The other thing I would say is this: if you also look at this in the context of the other measures we have put forward on housing—$623 million for a National Rental Affordability Scheme to encourage the building of up to 50,000 new affordable rental units of accommodation as well as the $1.2 billion investment in the First Home Saver Accounts, on which the Treasurer is currently engaged in final negotiations with the banks—what you have are three programs on housing affordability, more than $2 billion worth of activity, out there in the marketplace for the use of Australia’s homebuyers, or those who wish to invest in affordable rental housing and those who wish to save for their home. These are practical actions by a government getting on with the job of putting real programs out there to help first home buyers and other homebuyers deal with the challenge of declining house affordability.

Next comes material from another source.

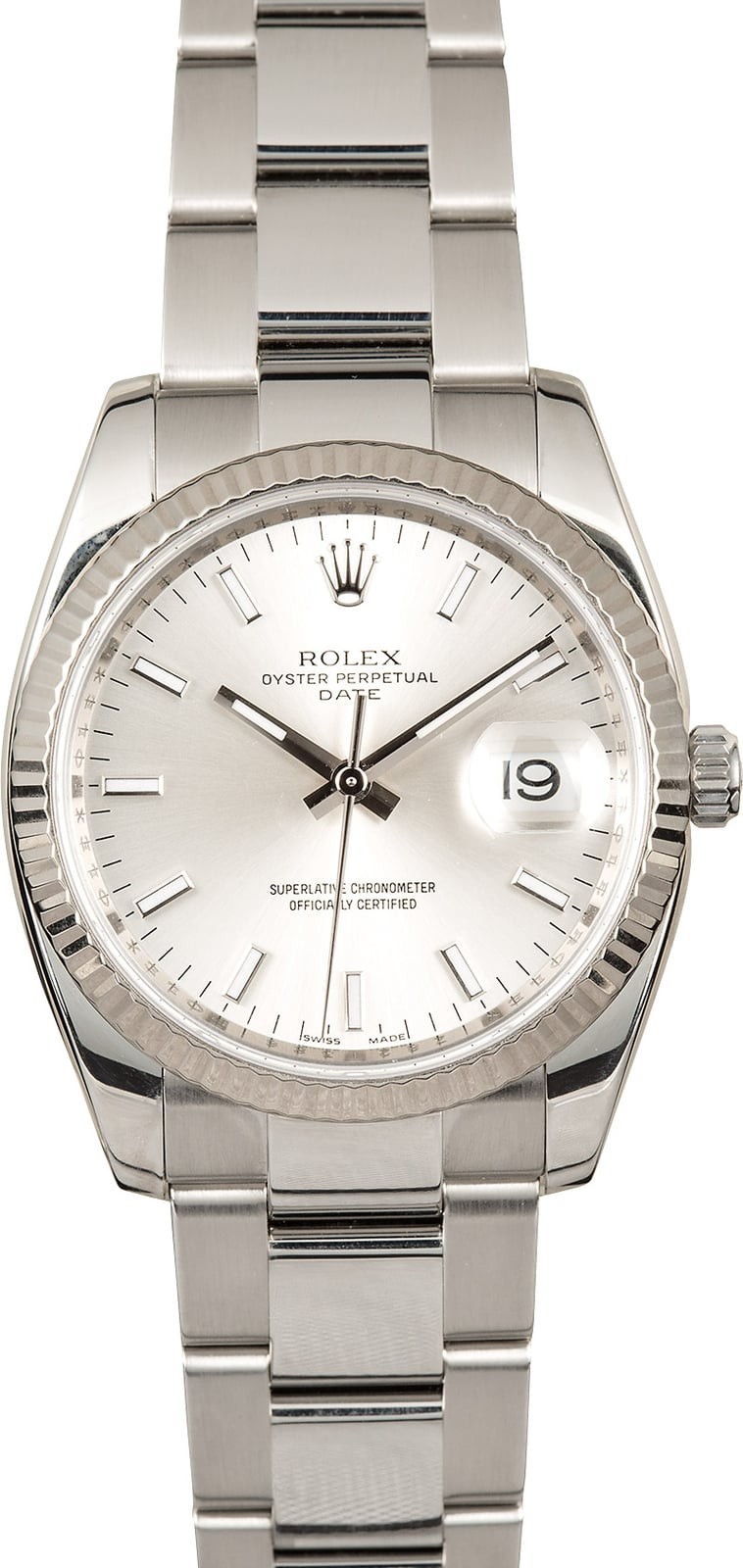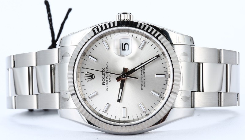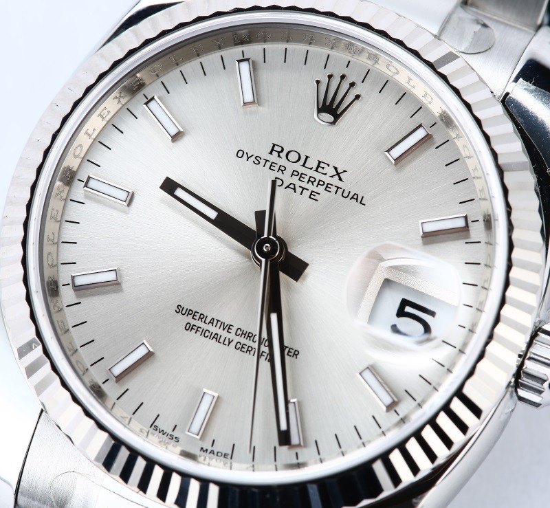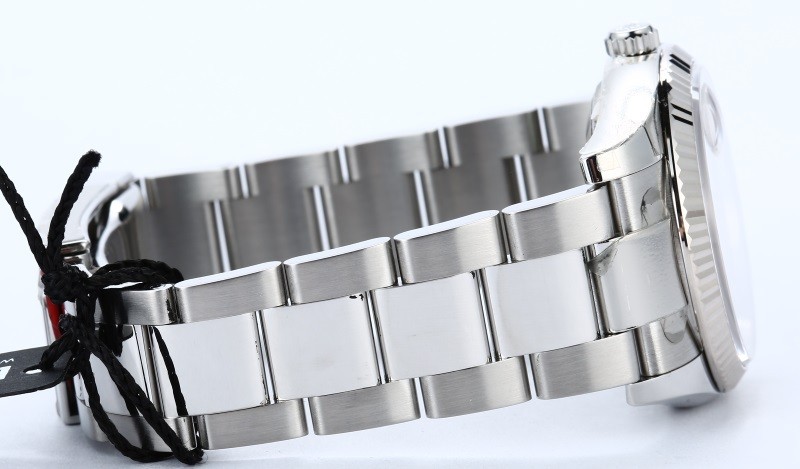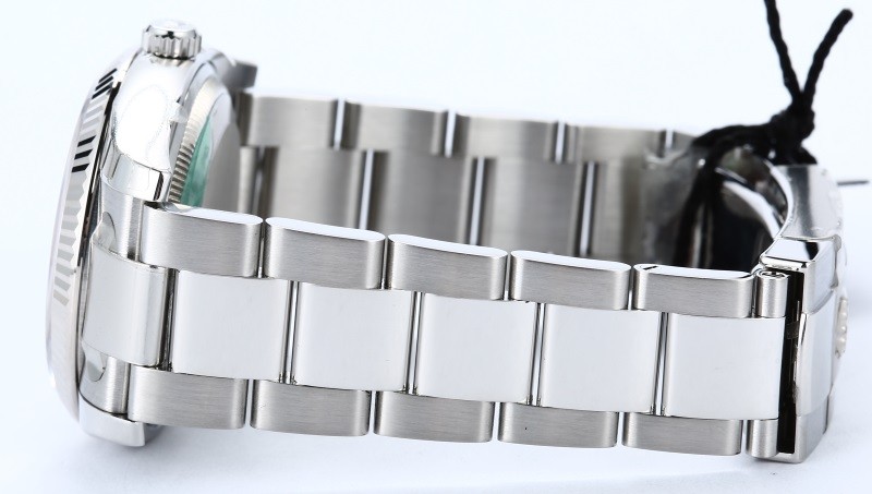 - Case: Stainless steel case w/ 18k white gold fluted bezel (34mm), inner reflector ring engraved w/ serial number

We have said many times in debate in this House in recent months that cost of living pressures for working families, for pensioners and for carers have been going through the roof in recent years. Housing affordability—
Brendan Nelson (Bradfield, Liberal Party, Leader of the Opposition) Share this | Link to this | Hansard source
Recent months.
Kevin Rudd (Griffith, Australian Labor Party, Prime Minister) Share this | Link to this | Hansard source
Recent years. I would say to the Leader of the Opposition—so keen as he is to interject—that increased cost of living pressure only occurred in this country as of 24 November 2007! If you are going to have any credibility in the cost of living debate in this country, you have to recognise that these pressures have been building for a long, long time. The housing affordability figures that I referred to before go right to where they stood as of November last year. Let me just repeat this for the Leader of the Opposition. In March 2006, housing affordability stood at four times the value of the average annual wage. When those on the other side left office at the end of 2007, it was seven and a half times the value of the average annual wage. That is a huge decline in real housing affordability for working families. We have a practical plan of action to do something about a real need for working families.